[Information provided]:
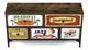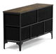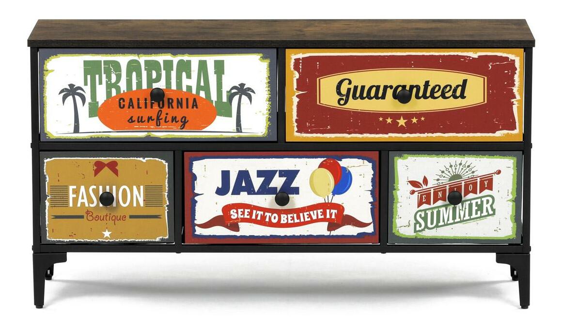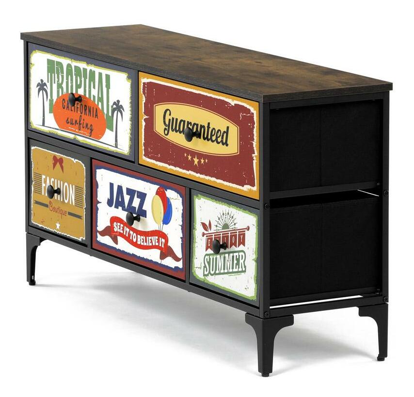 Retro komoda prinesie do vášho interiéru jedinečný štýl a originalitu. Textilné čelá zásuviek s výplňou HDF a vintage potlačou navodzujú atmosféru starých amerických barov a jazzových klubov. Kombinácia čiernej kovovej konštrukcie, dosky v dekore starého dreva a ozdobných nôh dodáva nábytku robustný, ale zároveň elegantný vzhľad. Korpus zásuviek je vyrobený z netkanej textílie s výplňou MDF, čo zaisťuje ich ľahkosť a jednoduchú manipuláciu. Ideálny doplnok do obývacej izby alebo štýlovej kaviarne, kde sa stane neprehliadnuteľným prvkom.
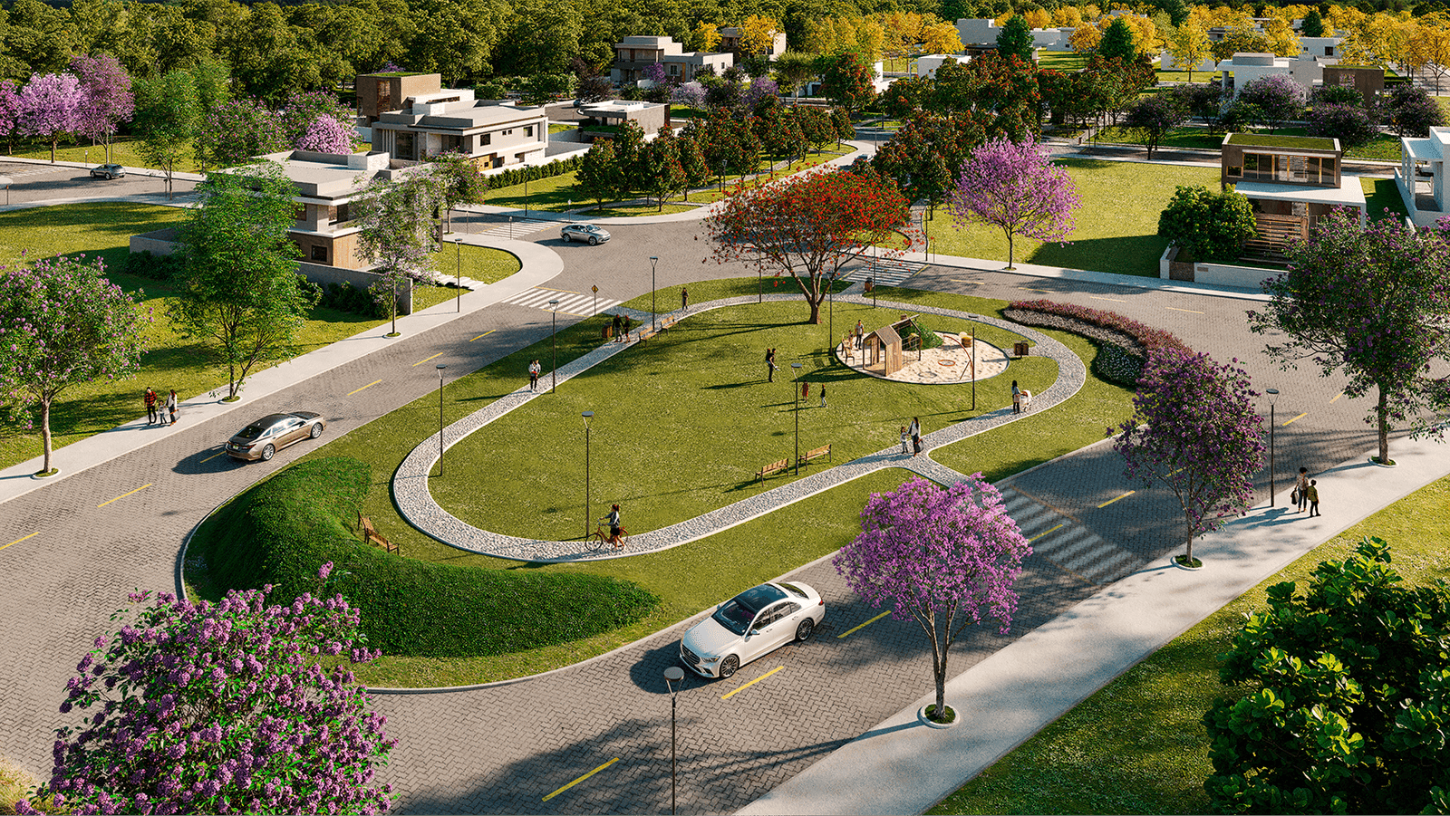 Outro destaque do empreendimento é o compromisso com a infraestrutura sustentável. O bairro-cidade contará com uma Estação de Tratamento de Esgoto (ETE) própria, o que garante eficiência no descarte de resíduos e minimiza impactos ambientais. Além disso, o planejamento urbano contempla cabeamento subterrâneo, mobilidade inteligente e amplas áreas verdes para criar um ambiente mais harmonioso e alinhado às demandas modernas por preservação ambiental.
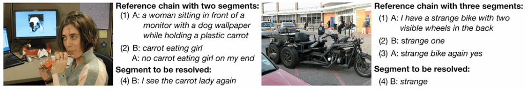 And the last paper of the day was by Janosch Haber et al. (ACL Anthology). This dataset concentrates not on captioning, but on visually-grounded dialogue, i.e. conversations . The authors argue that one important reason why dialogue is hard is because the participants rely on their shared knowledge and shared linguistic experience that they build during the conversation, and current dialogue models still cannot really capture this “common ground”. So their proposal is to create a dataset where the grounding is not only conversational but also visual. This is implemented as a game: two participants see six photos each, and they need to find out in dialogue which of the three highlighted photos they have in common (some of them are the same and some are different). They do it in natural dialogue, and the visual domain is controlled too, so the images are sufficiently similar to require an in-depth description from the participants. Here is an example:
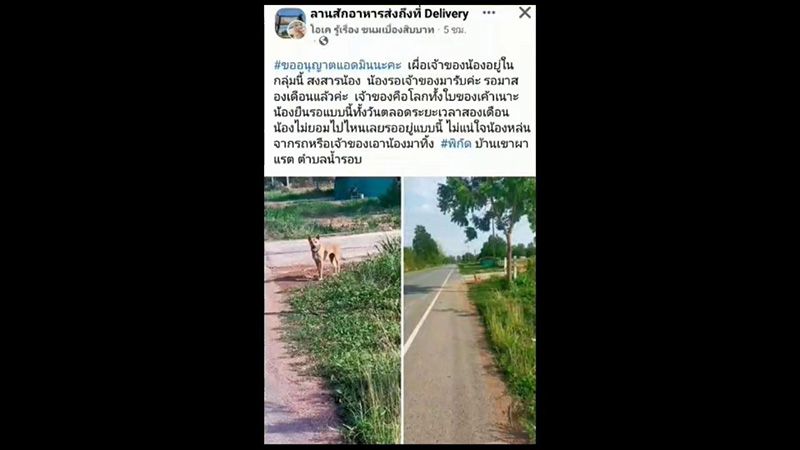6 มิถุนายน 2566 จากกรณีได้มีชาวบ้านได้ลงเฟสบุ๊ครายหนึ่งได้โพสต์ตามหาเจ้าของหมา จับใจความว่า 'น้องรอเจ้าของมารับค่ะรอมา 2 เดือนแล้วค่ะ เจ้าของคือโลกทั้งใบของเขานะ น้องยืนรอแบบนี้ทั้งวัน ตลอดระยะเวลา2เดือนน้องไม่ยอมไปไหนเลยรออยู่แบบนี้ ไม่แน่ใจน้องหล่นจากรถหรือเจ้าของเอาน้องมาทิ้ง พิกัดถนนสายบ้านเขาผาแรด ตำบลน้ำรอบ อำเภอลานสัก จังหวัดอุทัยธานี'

[Exercise directions]:
Everything in the listing above must be restated word for word, except the images.

[Solution to this problem]:
 Retro komoda prinesie do vášho interiéru jedinečný štýl a originalitu. Textilné čelá zásuviek s výplňou HDF a vintage potlačou navodzujú atmosféru starých amerických barov a jazzových klubov. Kombinácia čiernej kovovej konštrukcie, dosky v dekore starého dreva a ozdobných nôh dodáva nábytku robustný, ale zároveň elegantný vzhľad. Korpus zásuviek je vyrobený z netkanej textílie s výplňou MDF, čo zaisťuje ich ľahkosť a jednoduchú manipuláciu. Ideálny doplnok do obývacej izby alebo štýlovej kaviarne, kde sa stane neprehliadnuteľným prvkom.
 Outro destaque do empreendimento é o compromisso com a infraestrutura sustentável. O bairro-cidade contará com uma Estação de Tratamento de Esgoto (ETE) própria, o que garante eficiência no descarte de resíduos e minimiza impactos ambientais. Além disso, o planejamento urbano contempla cabeamento subterrâneo, mobilidade inteligente e amplas áreas verdes para criar um ambiente mais harmonioso e alinhado às demandas modernas por preservação ambiental.
 And the last paper of the day was by Janosch Haber et al. (ACL Anthology). This dataset concentrates not on captioning, but on visually-grounded dialogue, i.e. conversations . The authors argue that one important reason why dialogue is hard is because the participants rely on their shared knowledge and shared linguistic experience that they build during the conversation, and current dialogue models still cannot really capture this “common ground”. So their proposal is to create a dataset where the grounding is not only conversational but also visual. This is implemented as a game: two participants see six photos each, and they need to find out in dialogue which of the three highlighted photos they have in common (some of them are the same and some are different). They do it in natural dialogue, and the visual domain is controlled too, so the images are sufficiently similar to require an in-depth description from the participants. Here is an example:
6 มิถุนายน 2566 จากกรณีได้มีชาวบ้านได้ลงเฟสบุ๊ครายหนึ่งได้โพสต์ตามหาเจ้าของหมา จับใจความว่า 'น้องรอเจ้าของมารับค่ะรอมา 2 เดือนแล้วค่ะ เจ้าของคือโลกทั้งใบของเขานะ น้องยืนรอแบบนี้ทั้งวัน ตลอดระยะเวลา2เดือนน้องไม่ยอมไปไหนเลยรออยู่แบบนี้ ไม่แน่ใจน้องหล่นจากรถหรือเจ้าของเอาน้องมาทิ้ง พิกัดถนนสายบ้านเขาผาแรด ตำบลน้ำรอบ อำเภอลานสัก จังหวัดอุทัยธานี'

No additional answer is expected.